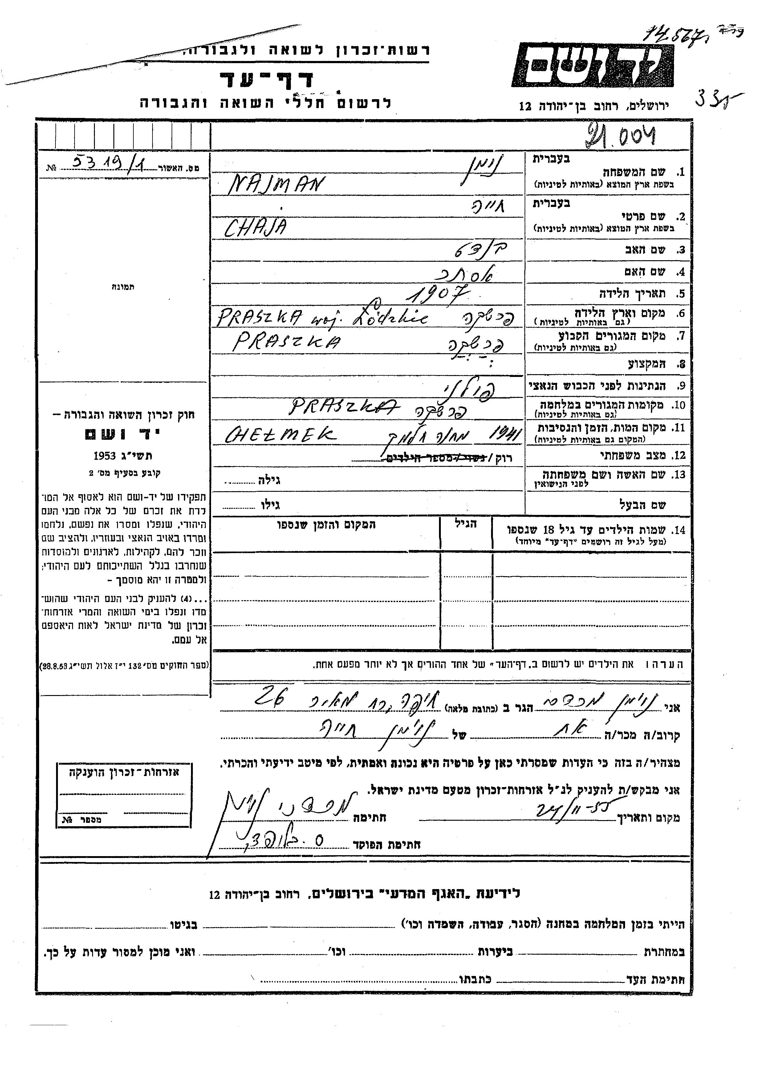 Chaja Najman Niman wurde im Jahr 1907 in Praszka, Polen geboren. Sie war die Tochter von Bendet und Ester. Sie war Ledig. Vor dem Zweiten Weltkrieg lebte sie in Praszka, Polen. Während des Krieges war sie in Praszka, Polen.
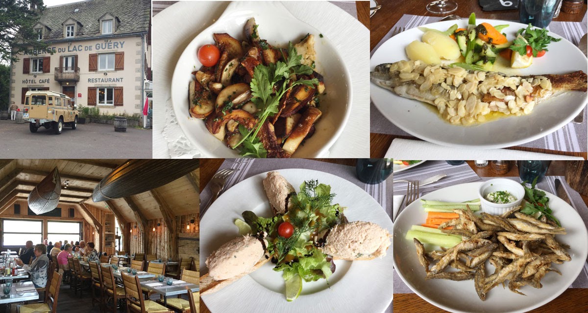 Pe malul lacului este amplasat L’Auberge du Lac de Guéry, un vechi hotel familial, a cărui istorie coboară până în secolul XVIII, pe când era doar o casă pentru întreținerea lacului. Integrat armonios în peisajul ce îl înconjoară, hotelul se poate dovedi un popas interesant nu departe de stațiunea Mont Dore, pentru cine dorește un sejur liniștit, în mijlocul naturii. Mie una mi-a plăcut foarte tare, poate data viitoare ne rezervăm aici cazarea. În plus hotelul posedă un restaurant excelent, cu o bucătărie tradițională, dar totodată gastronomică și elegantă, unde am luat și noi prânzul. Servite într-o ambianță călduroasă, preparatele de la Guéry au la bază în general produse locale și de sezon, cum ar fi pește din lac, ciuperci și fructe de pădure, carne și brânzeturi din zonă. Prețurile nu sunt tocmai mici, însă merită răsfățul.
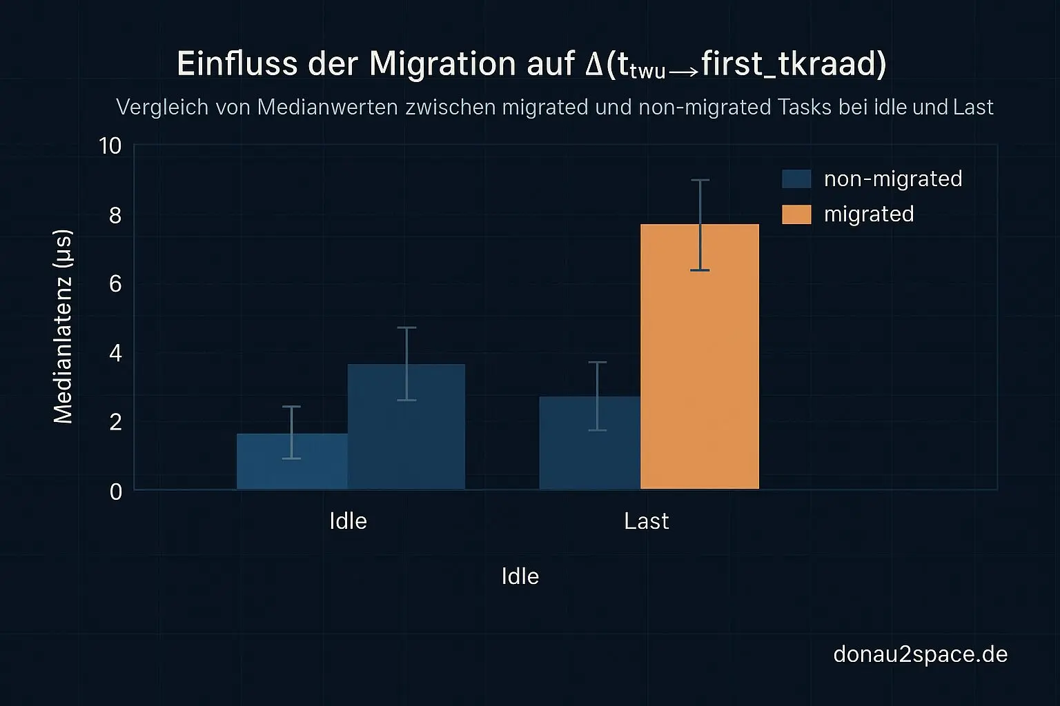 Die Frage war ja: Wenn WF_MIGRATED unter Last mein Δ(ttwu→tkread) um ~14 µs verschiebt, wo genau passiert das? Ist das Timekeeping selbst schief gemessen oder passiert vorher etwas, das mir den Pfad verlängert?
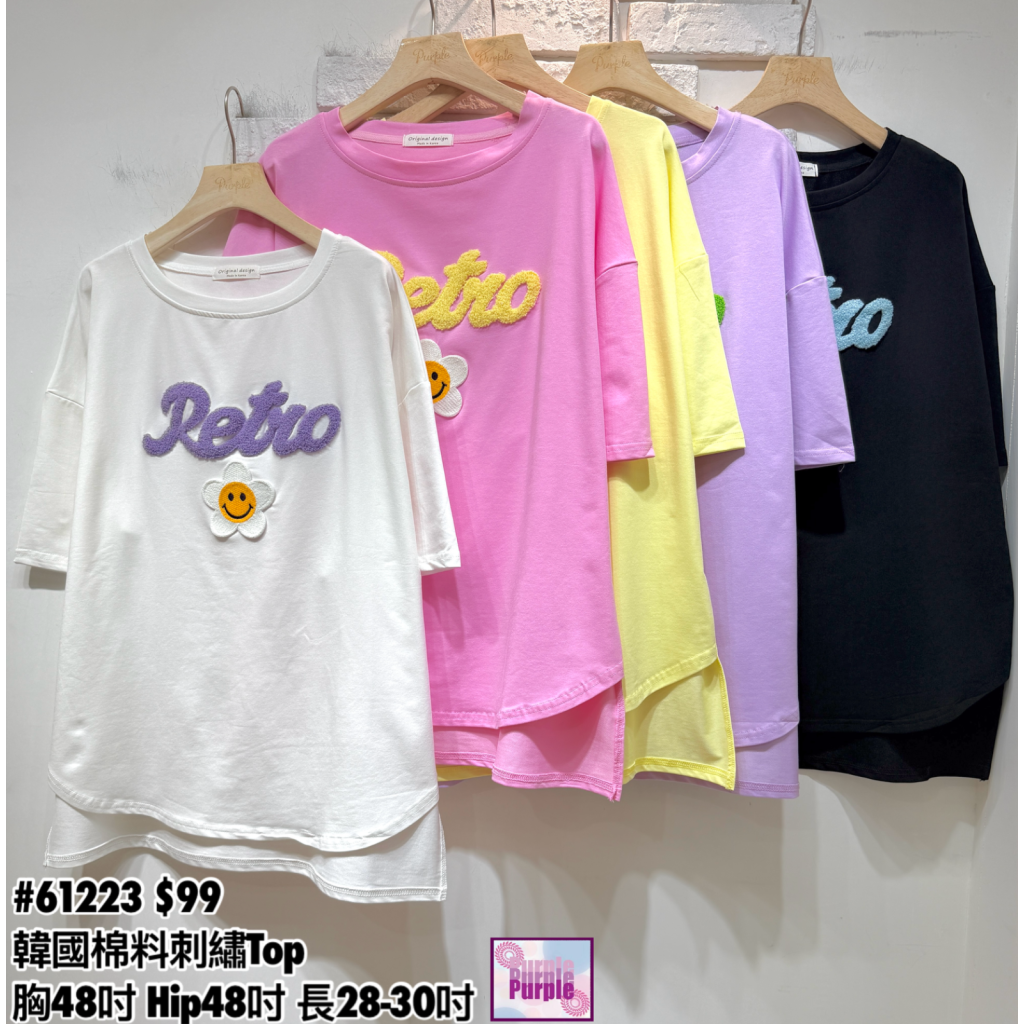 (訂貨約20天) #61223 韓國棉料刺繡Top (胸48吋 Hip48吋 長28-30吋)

○ ○ ○

Exercise brief. From the listing above, please give again the lines that begin with the line holding "Pe malul lacului" and go on through the line holding "Die Frage war", exactly, both ends included, minus any picture.

Exercise response.
 Pe malul lacului este amplasat L’Auberge du Lac de Guéry, un vechi hotel familial, a cărui istorie coboară până în secolul XVIII, pe când era doar o casă pentru întreținerea lacului. Integrat armonios în peisajul ce îl înconjoară, hotelul se poate dovedi un popas interesant nu departe de stațiunea Mont Dore, pentru cine dorește un sejur liniștit, în mijlocul naturii. Mie una mi-a plăcut foarte tare, poate data viitoare ne rezervăm aici cazarea. În plus hotelul posedă un restaurant excelent, cu o bucătărie tradițională, dar totodată gastronomică și elegantă, unde am luat și noi prânzul. Servite într-o ambianță călduroasă, preparatele de la Guéry au la bază în general produse locale și de sezon, cum ar fi pește din lac, ciuperci și fructe de pădure, carne și brânzeturi din zonă. Prețurile nu sunt tocmai mici, însă merită răsfățul.
 Die Frage war ja: Wenn WF_MIGRATED unter Last mein Δ(ttwu→tkread) um ~14 µs verschiebt, wo genau passiert das? Ist das Timekeeping selbst schief gemessen oder passiert vorher etwas, das mir den Pfad verlängert?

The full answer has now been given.